Every line of the material is to be returned verbatim. Pictures stay out.
── DATA EXTRACTS ──
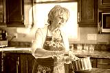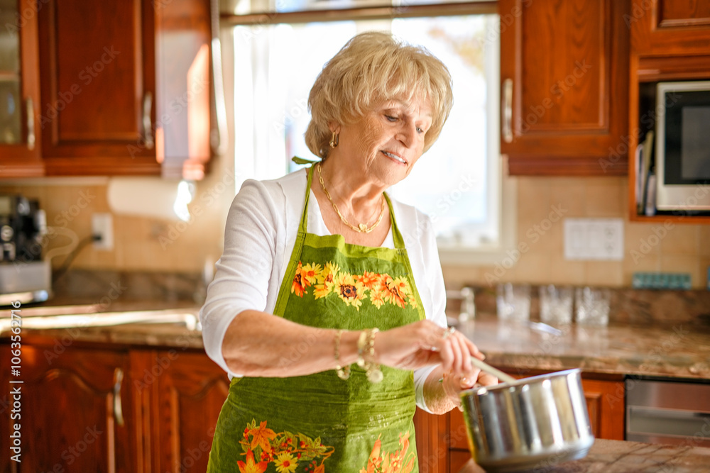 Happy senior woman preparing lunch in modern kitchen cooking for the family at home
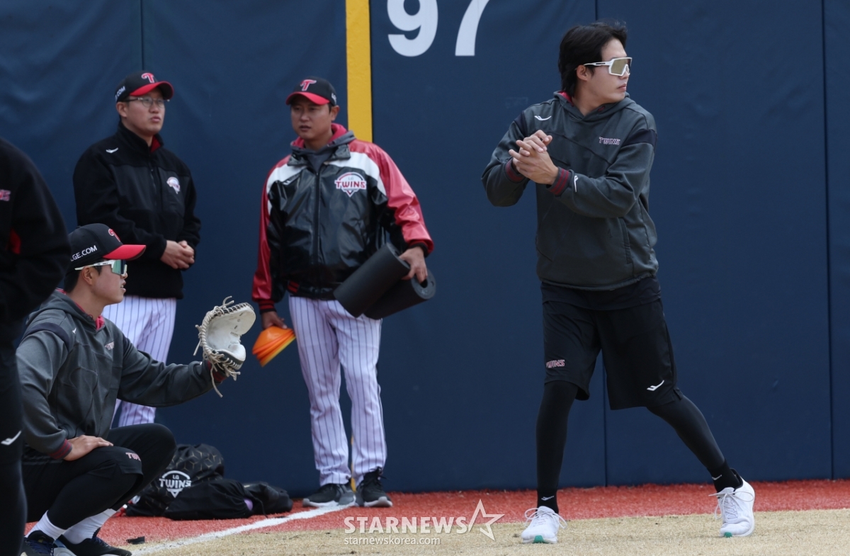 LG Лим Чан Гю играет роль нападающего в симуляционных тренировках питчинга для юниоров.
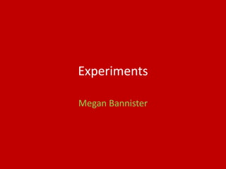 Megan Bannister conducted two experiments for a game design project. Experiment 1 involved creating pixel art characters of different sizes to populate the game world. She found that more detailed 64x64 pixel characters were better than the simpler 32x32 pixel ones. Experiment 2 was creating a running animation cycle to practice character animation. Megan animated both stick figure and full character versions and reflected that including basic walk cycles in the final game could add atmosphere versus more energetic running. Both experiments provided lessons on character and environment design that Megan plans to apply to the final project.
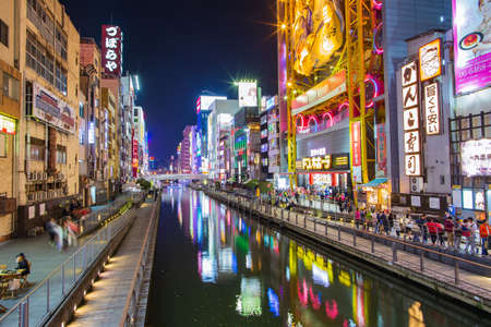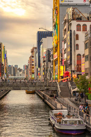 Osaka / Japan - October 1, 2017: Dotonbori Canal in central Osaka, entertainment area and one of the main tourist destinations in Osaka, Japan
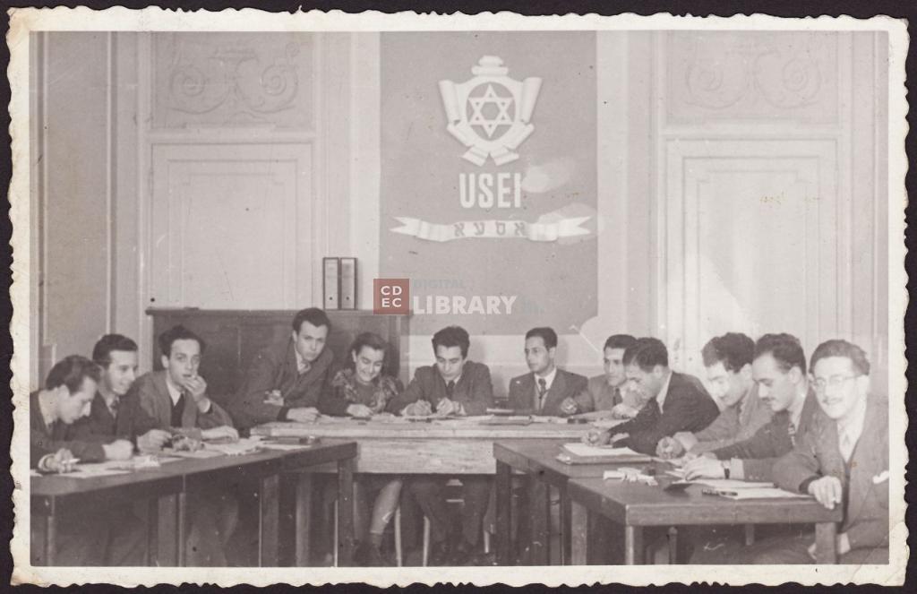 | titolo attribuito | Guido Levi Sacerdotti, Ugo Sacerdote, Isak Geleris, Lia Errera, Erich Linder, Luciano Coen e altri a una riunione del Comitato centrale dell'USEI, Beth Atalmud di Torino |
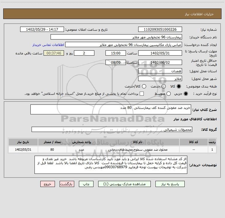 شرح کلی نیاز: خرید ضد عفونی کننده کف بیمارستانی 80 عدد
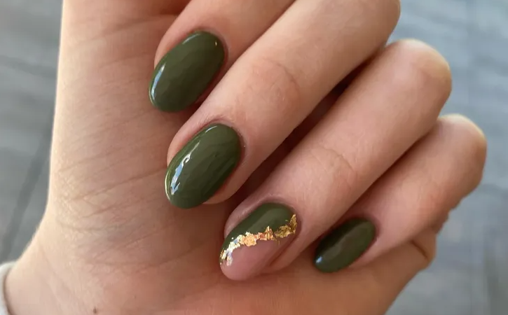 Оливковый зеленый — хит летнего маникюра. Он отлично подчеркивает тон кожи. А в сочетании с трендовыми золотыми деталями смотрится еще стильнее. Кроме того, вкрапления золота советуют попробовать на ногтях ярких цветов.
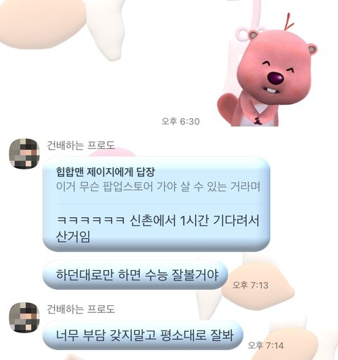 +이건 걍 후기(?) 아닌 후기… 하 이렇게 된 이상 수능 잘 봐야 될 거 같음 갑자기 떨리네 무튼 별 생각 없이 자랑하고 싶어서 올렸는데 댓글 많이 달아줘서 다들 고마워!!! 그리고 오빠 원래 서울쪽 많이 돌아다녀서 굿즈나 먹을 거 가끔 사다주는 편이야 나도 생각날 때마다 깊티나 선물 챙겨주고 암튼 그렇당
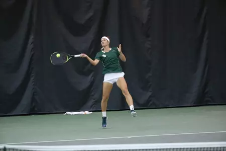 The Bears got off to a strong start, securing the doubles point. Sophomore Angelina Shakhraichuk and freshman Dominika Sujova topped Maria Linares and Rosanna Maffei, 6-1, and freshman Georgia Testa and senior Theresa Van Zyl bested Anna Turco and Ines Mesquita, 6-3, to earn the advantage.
───
» ANSWER TO THE EXERCISE
 Happy senior woman preparing lunch in modern kitchen cooking for the family at home
 LG Лим Чан Гю играет роль нападающего в симуляционных тренировках питчинга для юниоров.
 Megan Bannister conducted two experiments for a game design project. Experiment 1 involved creating pixel art characters of different sizes to populate the game world. She found that more detailed 64x64 pixel characters were better than the simpler 32x32 pixel ones. Experiment 2 was creating a running animation cycle to practice character animation. Megan animated both stick figure and full character versions and reflected that including basic walk cycles in the final game could add atmosphere versus more energetic running. Both experiments provided lessons on character and environment design that Megan plans to apply to the final project.
 Osaka / Japan - October 1, 2017: Dotonbori Canal in central Osaka, entertainment area and one of the main tourist destinations in Osaka, Japan
 | titolo attribuito | Guido Levi Sacerdotti, Ugo Sacerdote, Isak Geleris, Lia Errera, Erich Linder, Luciano Coen e altri a una riunione del Comitato centrale dell'USEI, Beth Atalmud di Torino |
 شرح کلی نیاز: خرید ضد عفونی کننده کف بیمارستانی 80 عدد
 Оливковый зеленый — хит летнего маникюра. Он отлично подчеркивает тон кожи. А в сочетании с трендовыми золотыми деталями смотрится еще стильнее. Кроме того, вкрапления золота советуют попробовать на ногтях ярких цветов.
 +이건 걍 후기(?) 아닌 후기… 하 이렇게 된 이상 수능 잘 봐야 될 거 같음 갑자기 떨리네 무튼 별 생각 없이 자랑하고 싶어서 올렸는데 댓글 많이 달아줘서 다들 고마워!!! 그리고 오빠 원래 서울쪽 많이 돌아다녀서 굿즈나 먹을 거 가끔 사다주는 편이야 나도 생각날 때마다 깊티나 선물 챙겨주고 암튼 그렇당
 The Bears got off to a strong start, securing the doubles point. Sophomore Angelina Shakhraichuk and freshman Dominika Sujova topped Maria Linares and Rosanna Maffei, 6-1, and freshman Georgia Testa and senior Theresa Van Zyl bested Anna Turco and Ines Mesquita, 6-3, to earn the advantage.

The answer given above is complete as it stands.